Mappe per amanti smarriti è un libro che spazia in diversi campi del sapere e nel quale anche i sensi vengono messi in gioco. Celebra con perizia di studioso la flora e la fauna, non solo britannici e pachistani, nominando infinite specie di piante, alberi, fiori e insetti. Farfalle di tutte le specie colorano le pagine del libro e fiori di ogni tipo profumano le vicende dei personaggi. Bellissimo è il modo in cui viene definito il jazz, che Kiran e suo padre fanno conoscere agli altri immigrati, con l'ascolto di "musicisti che sembravano conoscere l'arte di mescolare nelle note tutto ciò che la vita contiene, la verità vera, l'innegabile ultima parola, il nucleo più recondito di tutto ciò che in un cuore è insostenibilmente doloroso e tutto ciò che è gioioso, tutto ciò che è amato e tutto ciò che è degno d'amore ma ne viene privato, ingannato e sbugiardato, gli inconcepibili abissi dell'anima dove nessun altro può reggere allo struggimento e che pochi hanno il coraggio di scandagliare, le pene e la rabbia incontestabile". Anche il palato viene sollecitato in continuazione dalle descrizioni dettagliate di cibi, spezie e ricette. Infine, la sensualità, pur costretta nei rigidi e peccaminosi precetti islamici, punita con delitti d'onore e combattuta con esorcismi disumani, esplode continuamente come un'energia incontenibile ed incontrollabile nelle attrazioni represse, nei fugaci incontri di amanti segreti, nell'amore adulterino di Shamas.

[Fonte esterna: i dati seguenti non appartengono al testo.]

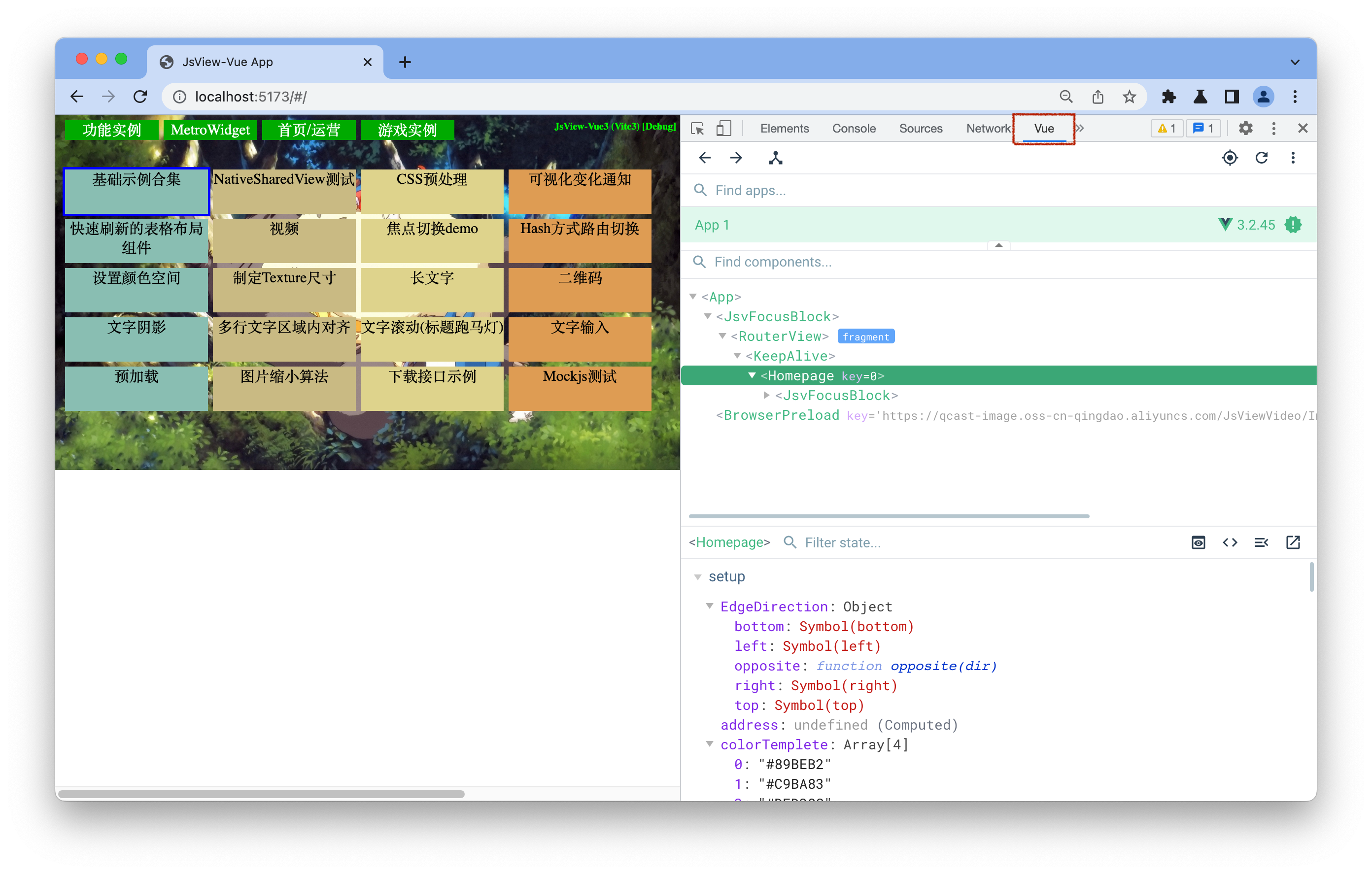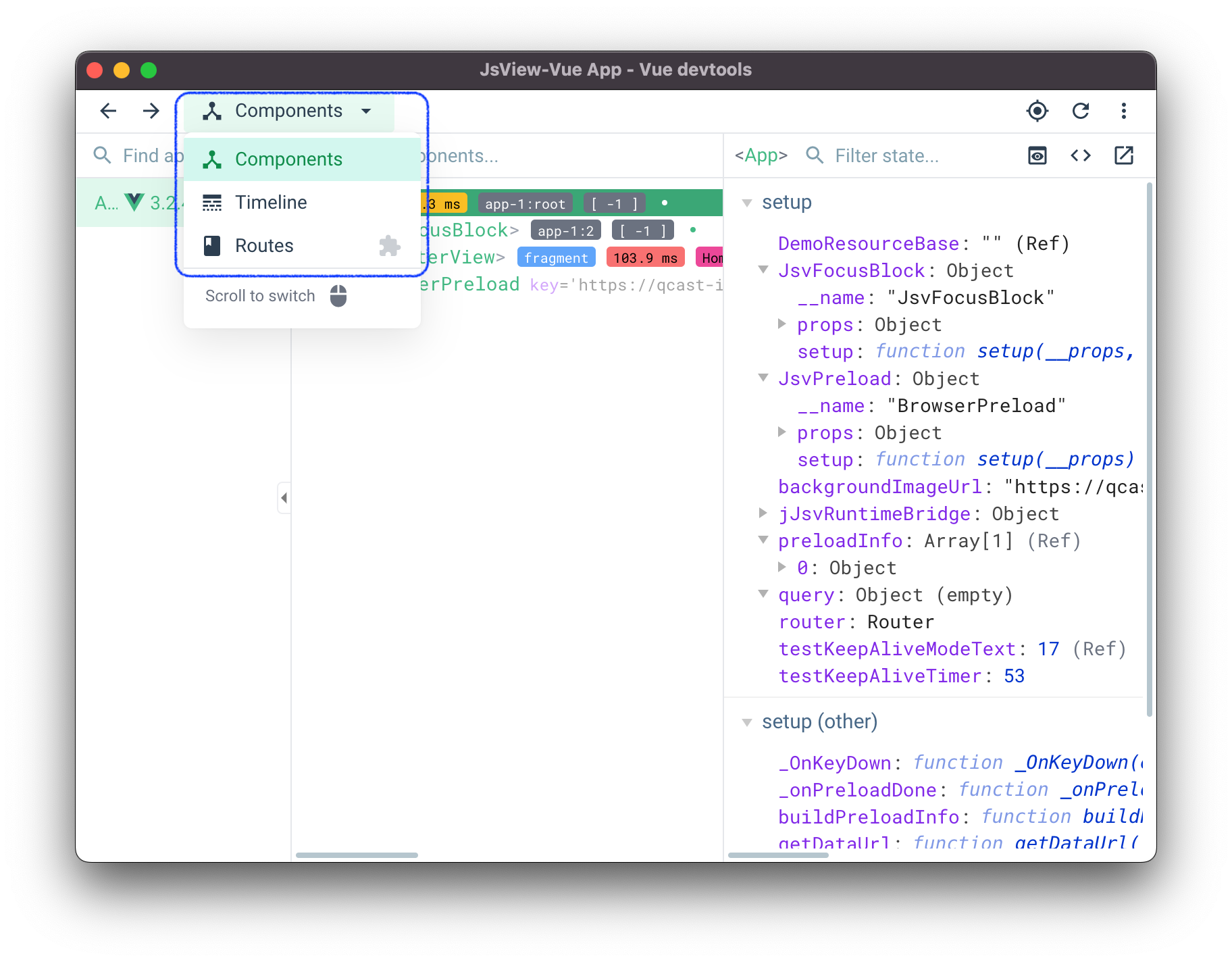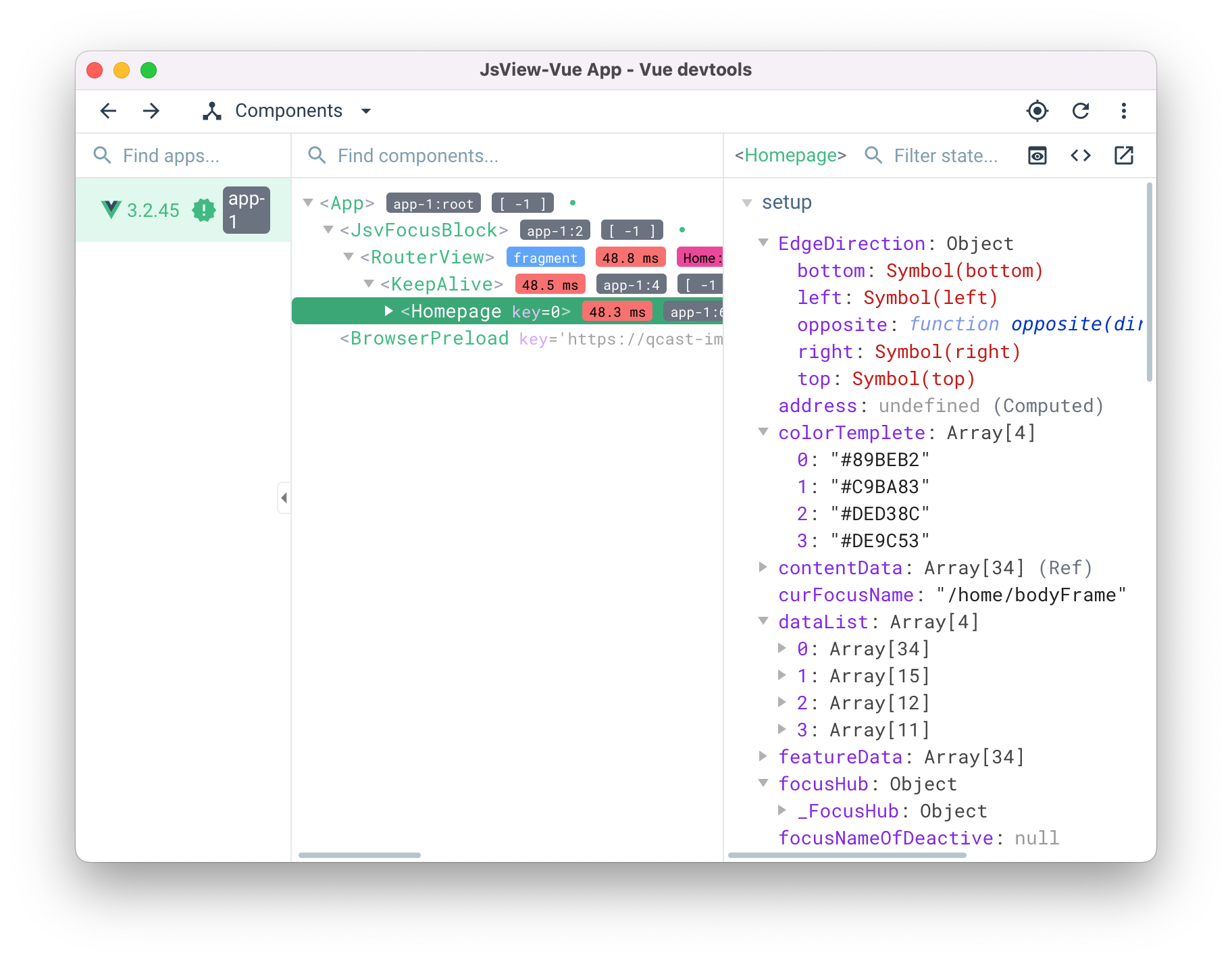 npm start或npm run dev运行调试服务并网页或设备中打开JsView后,可以看到 Vue DevTools App的调试信息。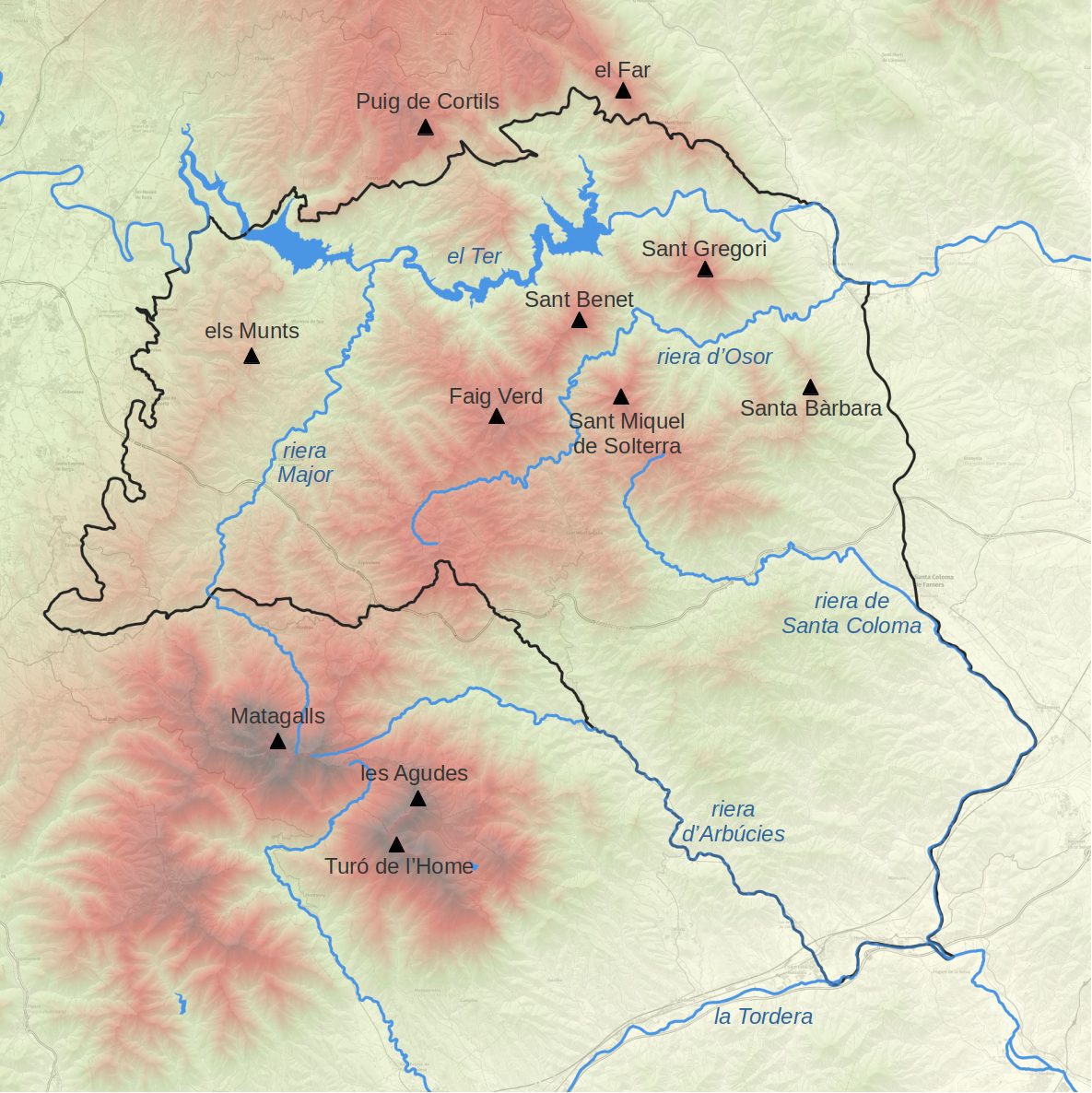El territori és muntanyós, amb altituds que van des dels 40 m sobre el nivell del mar a l’extrem sud-oriental (a l’aiguabarreig de la riera de Santa Coloma amb la Tordera) fins als 1.202 m del cim de Sant Miquel de Solterra. A banda d’aquest cim hi ha un seguit d’altres elevacions que depassen els 1.000 m tot resseguint la divisòria d’aigües entre les valls del Ter i de la riera d’Osor: el turó del Faig Verd (1.187 m), la muntanya de la Coma (1.146 m), Sant Benet (1.147 m), Sant Gregori (1.094 m), etc. Destaquen també altres carenes importants com ara les de Santa Bàrbara, del Corb o de Roca Guillera (a la banda nord-oriental) o les de la Guàrdia, els Munts o Mondois (al sector nord-occidental).

In conclusione, pur analizzando la comunità indo-pakistana ed il profondo conflitto che si genera quando i suoi valori culturali e le sue convenzioni sociali si scontrano con la società inglese che li ospita, ma non li accoglie, Mappe per amanti smarriti non è solo un quadro che dipinge la difficile vita degli immigrati islamici in un paese occidentale. E' un romanzo complesso che riesce a comprendere in sé infinite contraddizioni: ingiustizia, crudeltà ed ignoranza, ma anche bellezza, poesia e natura, trasformandosi in un luogo magico e allo stesso tempo reale, come la vita, dove tutto il dolore sarebbe in ogni momento riscattabile dall'amore, se solo l'umanità ci credesse come Aslam, che costella il suo racconto di indizi per consentire a noi amanti smarriti di ritrovarci.